Count-Min Sketch (d=3 hash functions, w=8 columns):
Col 0 Col 1 Col 2 Col 3 Col 4 Col 5 Col 6 Col 7
Hash1: 0 3 0 0 7 0 0 1
Hash2: 0 0 5 0 0 3 0 0
Hash3: 2 0 0 3 0 0 0 0
Query "trending_topic": hash1→4, hash2→2, hash3→3
Counts: 7, 5, 3
Estimate: min(7, 5, 3) = 3 (close to actual count)
- Use case: Identifying trending hashtags on Twitter, detecting network traffic anomalies, tracking most-played songs on Spotify, finding heavy hitters in a data stream.
When to Use Which Data Structure
| Question You Need Answered | Data Structure | Memory | Error Type |
|---|---|---|---|
| "Is this item in the set?" | Bloom Filter | ~1.2 GB / 1B items | False positives only |
| "How many unique items?" | HyperLogLog | 12 KB (fixed!) | ±0.81% error |
| "How often did this item appear?" | Count-Min Sketch | Configurable | Over-counts only |
| "What are the top-K items?" | Count-Min Sketch + Heap | Configurable | Approximate ranking |
| "Is this item in the set? (with deletion)" | Cuckoo Filter | Similar to Bloom | False positives only |
Real-World Usage
Google Chrome Safe Browsing
Chrome checks every URL you visit against a database of known malicious URLs. Instead of sending every URL to Google (privacy nightmare) or downloading the entire blacklist (too large), Chrome uses a Bloom filter stored locally. If the Bloom filter says "no" → the URL is safe (no network request needed). If the Bloom filter says "maybe" → Chrome sends a hash prefix to Google''s server for a definitive check. This reduces network requests by over 99%.
URL Visit Flow:
URL → Local Bloom Filter
→ "Definitely safe" (99% of URLs) → Allow immediately
→ "Maybe malicious" (~1%) → Query Google server → Confirm/Deny
Cassandra (SSTable Lookup)
Cassandra stores data in immutable files called SSTables. When a read comes in, Cassandra might need to check multiple SSTables to find the data. Each SSTable has an associated Bloom filter. Before doing an expensive disk read, Cassandra checks the Bloom filter: "Could this key be in this SSTable?" If the Bloom filter says no, it skips that file entirely, saving significant I/O.

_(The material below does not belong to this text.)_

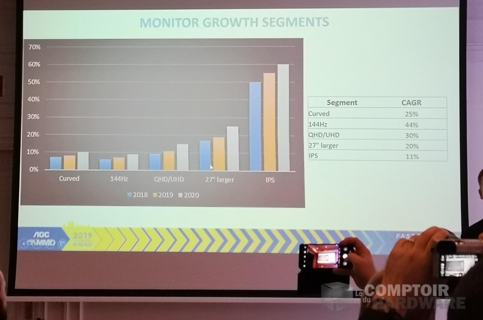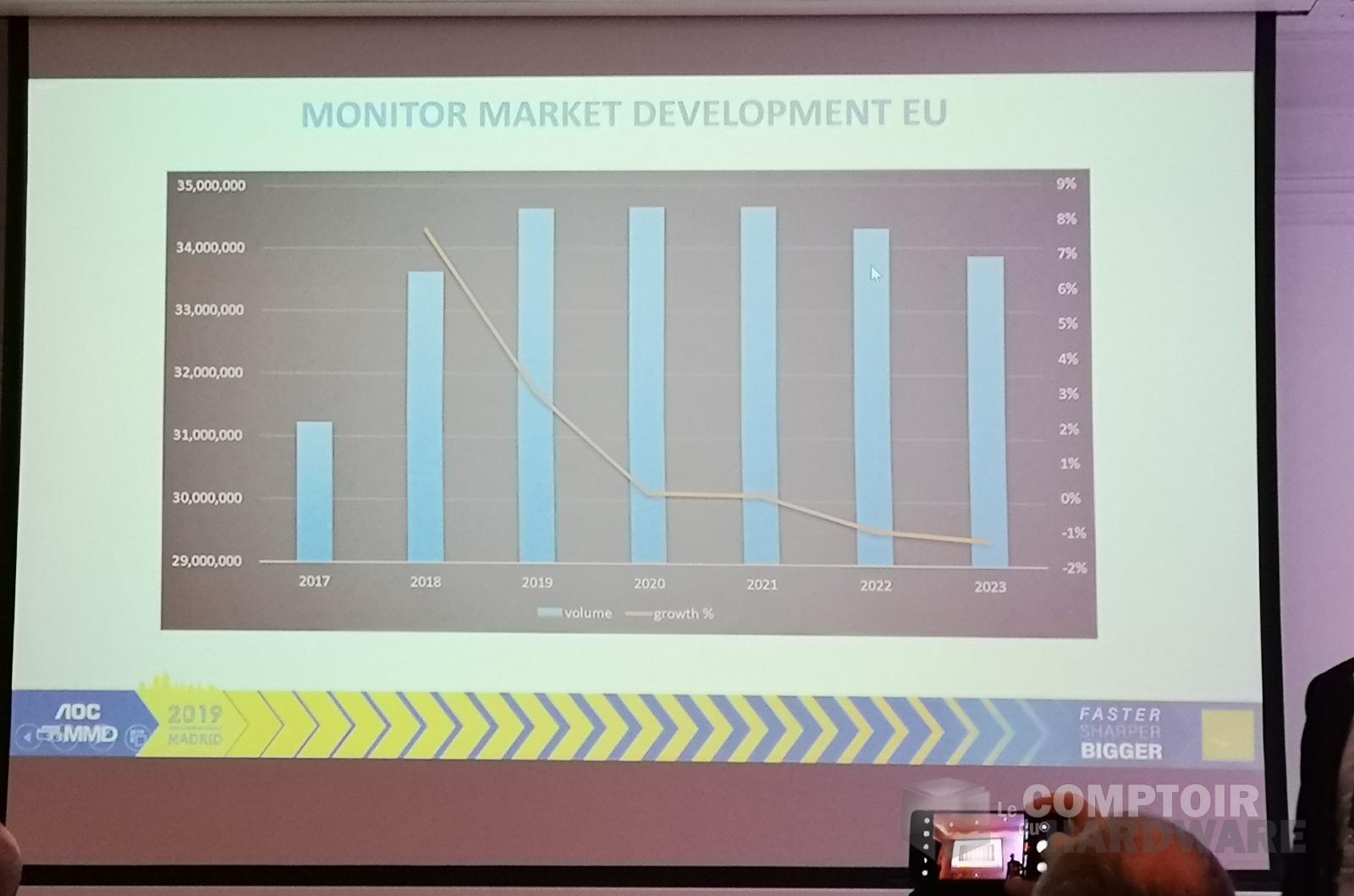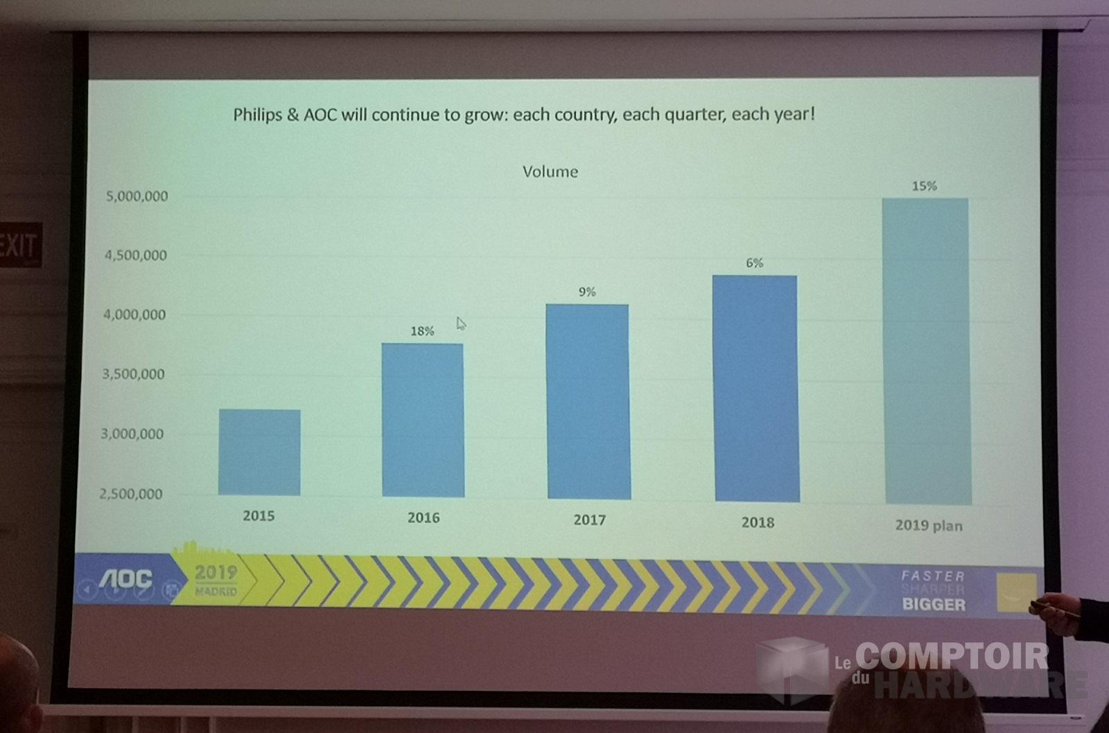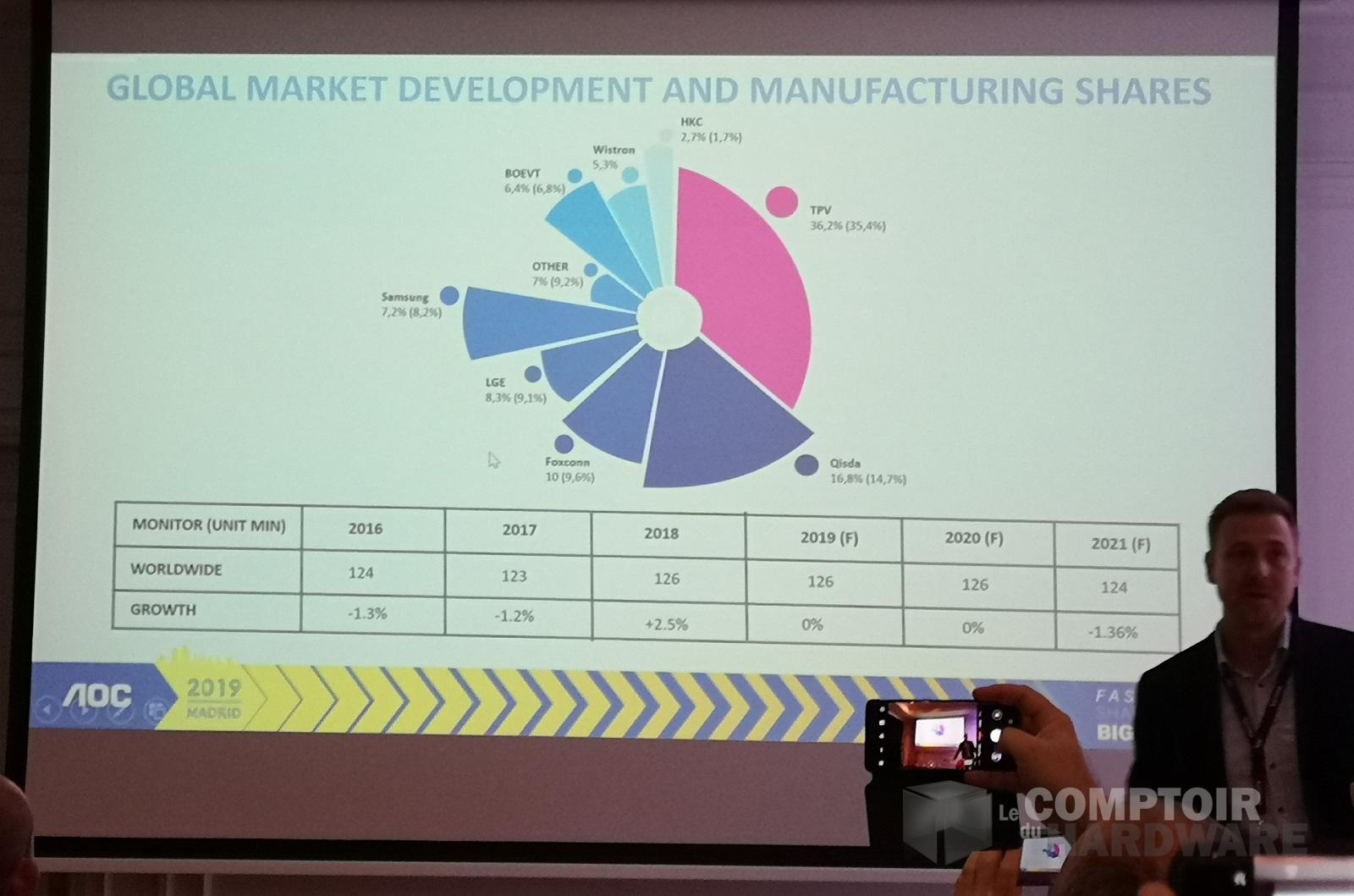 Dans un premier temps, Stefan Sommer - Directeur Marketing et Business Management EU - a mené la charge, graphique trokoül à l'appui, pour faire le point sur le marché de l'écran en général, notamment les projections de croissance et la distribution actuelle des parts de marchés, puis plus spécifiquement sur ce qui attendrait AOC et Philips au bout du tunnel de 2019. Enfin, Stefan a aussi causé des grosses tendances du moment sur le marché, qui ne surprendront vraiment personne, mais c'est toujours très intéressant à voir et donne une idée des types de produits qu'il faut s'attendre à voir venir ces prochains temps, chez l'un, comme chez l'autre.

Impact: Without Bloom filters, a read might check 10 SSTables (10 disk reads). With Bloom filters, it typically checks only 1–2 (the ones that actually contain the key).
Medium (Article Recommendation Dedup)
Medium uses Bloom filters to avoid recommending articles a user has already read. Instead of querying the database for every candidate article ("has user X read article Y?"), they check a per-user Bloom filter. The occasional false positive (skipping an unread article) is acceptable—showing a duplicate is worse.
Bitcoin SPV Nodes
Lightweight Bitcoin nodes (SPV
- Simplified Payment Verification) use Bloom filters to request only relevant transactions from full nodes, without revealing exactly which addresses they own. This provides a balance between privacy and bandwidth efficiency.
Common Mistakes
- ❌ Confusing false positives with false negatives — Bloom filters never produce false negatives. If it says "no," trust it absolutely.

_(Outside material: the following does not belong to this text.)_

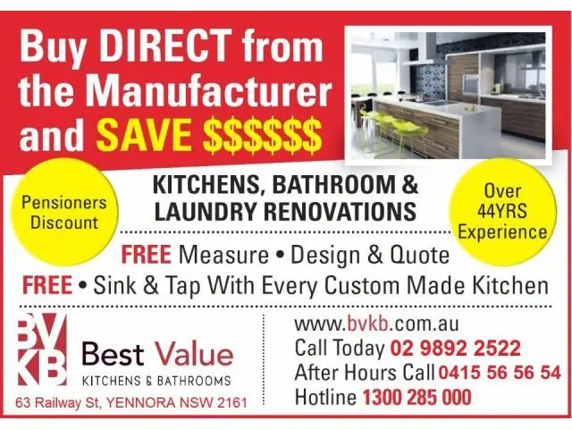 FREE MEASURE & QUOTE - KITCHENS, BATHROOMS, LAUNDRIES and OUTDOOR KITCHENS RENOVATIONS in Sydney, New South Wales

- ❌ Trying to delete from a standard Bloom filter — use a Counting Bloom Filter or Cuckoo Filter instead.
- ❌ Using a Bloom filter when exact membership is required — if you cannot tolerate any false positives (e.g., financial dedup), use a proper HashSet or database lookup.
- ❌ Not sizing the filter correctly — if the actual number of items exceeds your initial estimate, the false positive rate increases dramatically. Use a Scalable Bloom Filter if uncertain.
- ❌ Using too few hash functions — the optimal K is (M/N) × ln(2). Too few or too many hash functions increase the FP rate.
[!TIP] Key Takeaways:
• Bloom filters trade a small false positive rate for massive memory savings — 1 billion items in ~1.2 GB vs ~20 GB for a HashSet.
• No false negatives: "definitely not in the set" is always correct.
• ~10 bits per item gives ~1% FP rate. Optimal K ≈ (M/N) × ln(2).
• HyperLogLog counts unique items in 12 KB. Count-Min Sketch estimates frequencies.
• Cuckoo Filters are the modern replacement when you need deletion support.
• In interviews, mention Bloom filters for web crawlers (URL dedup), databases (SSTable lookup), and caches (avoiding unnecessary lookups).